§ Records provided:
=== Section Start ===
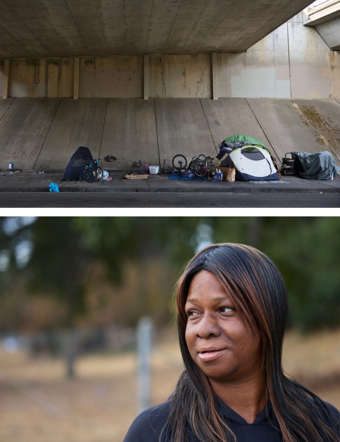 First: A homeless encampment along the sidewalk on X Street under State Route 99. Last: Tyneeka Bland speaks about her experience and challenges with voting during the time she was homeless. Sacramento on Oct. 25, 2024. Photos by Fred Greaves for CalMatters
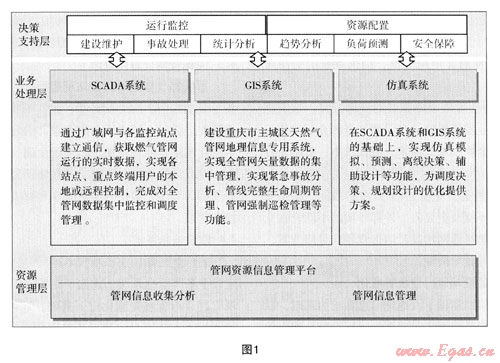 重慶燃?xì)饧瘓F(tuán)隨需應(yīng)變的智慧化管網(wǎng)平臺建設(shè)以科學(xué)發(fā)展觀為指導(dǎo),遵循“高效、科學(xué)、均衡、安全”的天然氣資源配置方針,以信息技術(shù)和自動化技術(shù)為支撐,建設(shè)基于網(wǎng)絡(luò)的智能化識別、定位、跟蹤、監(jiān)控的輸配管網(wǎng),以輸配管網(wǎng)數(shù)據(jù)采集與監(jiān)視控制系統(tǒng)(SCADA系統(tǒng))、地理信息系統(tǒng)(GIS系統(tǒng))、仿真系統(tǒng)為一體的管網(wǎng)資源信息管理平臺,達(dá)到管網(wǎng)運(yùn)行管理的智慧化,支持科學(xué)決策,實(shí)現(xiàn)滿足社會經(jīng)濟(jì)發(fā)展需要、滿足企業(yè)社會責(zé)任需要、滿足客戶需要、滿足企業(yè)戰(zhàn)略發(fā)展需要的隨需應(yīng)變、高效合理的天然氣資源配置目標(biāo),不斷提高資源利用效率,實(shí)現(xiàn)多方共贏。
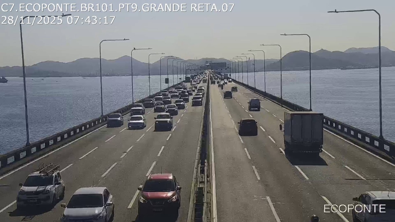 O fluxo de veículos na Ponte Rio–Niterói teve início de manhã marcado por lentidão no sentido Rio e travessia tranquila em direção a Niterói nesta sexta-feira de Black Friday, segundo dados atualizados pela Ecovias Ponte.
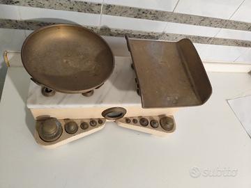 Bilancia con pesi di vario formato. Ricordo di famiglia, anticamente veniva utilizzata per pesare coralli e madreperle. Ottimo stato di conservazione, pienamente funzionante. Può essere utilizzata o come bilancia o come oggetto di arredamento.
=== Section End ===
=== Section Start ===
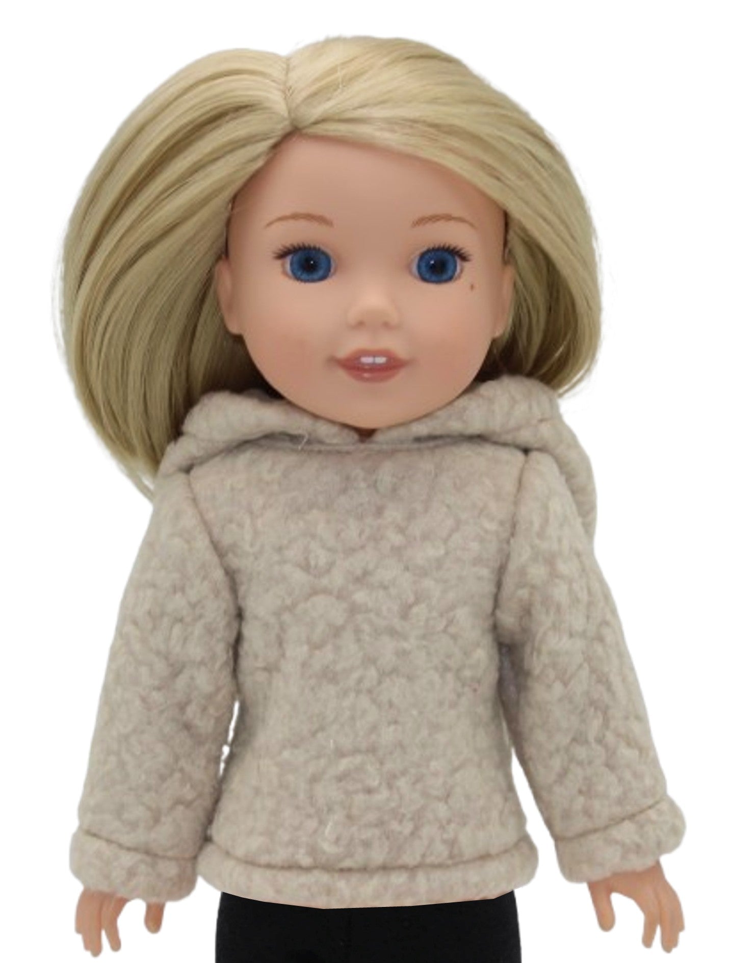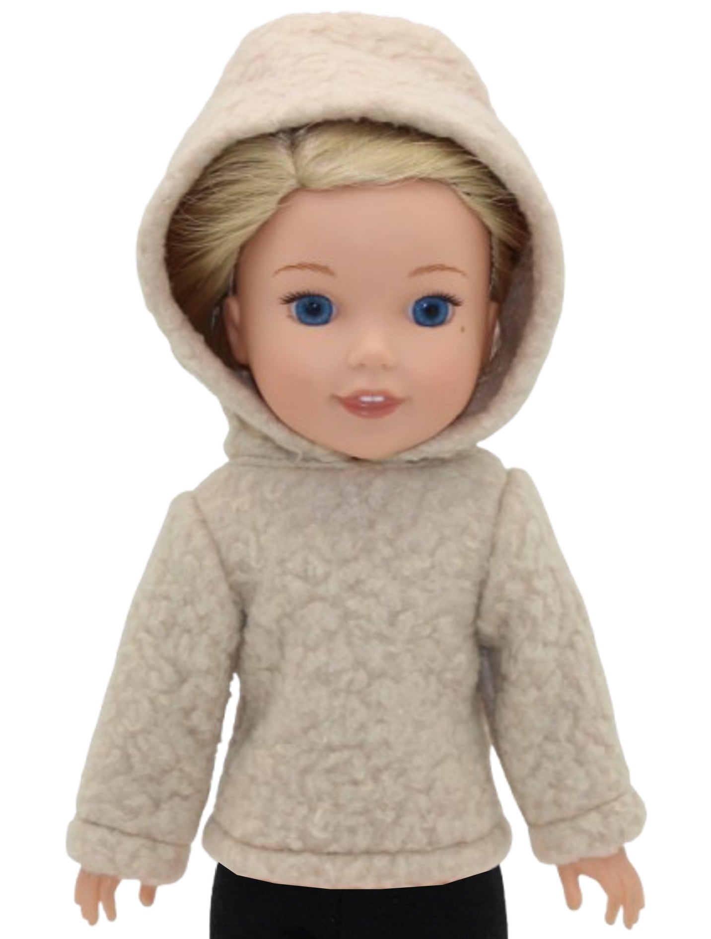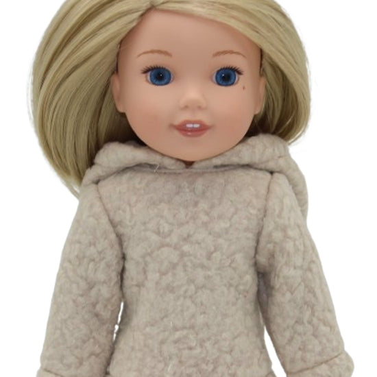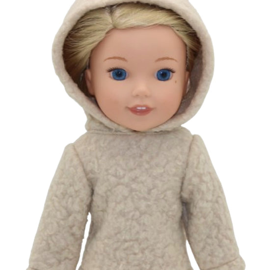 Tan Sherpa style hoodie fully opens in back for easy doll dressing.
=== Section End ===
§ Task to carry out: In the listing above, find the line containing "First: A homeless" and the line containing "Bilancia con pesi"; print those lines and every line between them exactly, leaving out pictures.

§ Output:
 First: A homeless encampment along the sidewalk on X Street under State Route 99. Last: Tyneeka Bland speaks about her experience and challenges with voting during the time she was homeless. Sacramento on Oct. 25, 2024. Photos by Fred Greaves for CalMatters
 重慶燃?xì)饧瘓F(tuán)隨需應(yīng)變的智慧化管網(wǎng)平臺建設(shè)以科學(xué)發(fā)展觀為指導(dǎo),遵循“高效、科學(xué)、均衡、安全”的天然氣資源配置方針,以信息技術(shù)和自動化技術(shù)為支撐,建設(shè)基于網(wǎng)絡(luò)的智能化識別、定位、跟蹤、監(jiān)控的輸配管網(wǎng),以輸配管網(wǎng)數(shù)據(jù)采集與監(jiān)視控制系統(tǒng)(SCADA系統(tǒng))、地理信息系統(tǒng)(GIS系統(tǒng))、仿真系統(tǒng)為一體的管網(wǎng)資源信息管理平臺,達(dá)到管網(wǎng)運(yùn)行管理的智慧化,支持科學(xué)決策,實(shí)現(xiàn)滿足社會經(jīng)濟(jì)發(fā)展需要、滿足企業(yè)社會責(zé)任需要、滿足客戶需要、滿足企業(yè)戰(zhàn)略發(fā)展需要的隨需應(yīng)變、高效合理的天然氣資源配置目標(biāo),不斷提高資源利用效率,實(shí)現(xiàn)多方共贏。
 O fluxo de veículos na Ponte Rio–Niterói teve início de manhã marcado por lentidão no sentido Rio e travessia tranquila em direção a Niterói nesta sexta-feira de Black Friday, segundo dados atualizados pela Ecovias Ponte.
 Bilancia con pesi di vario formato. Ricordo di famiglia, anticamente veniva utilizzata per pesare coralli e madreperle. Ottimo stato di conservazione, pienamente funzionante. Può essere utilizzata o come bilancia o come oggetto di arredamento.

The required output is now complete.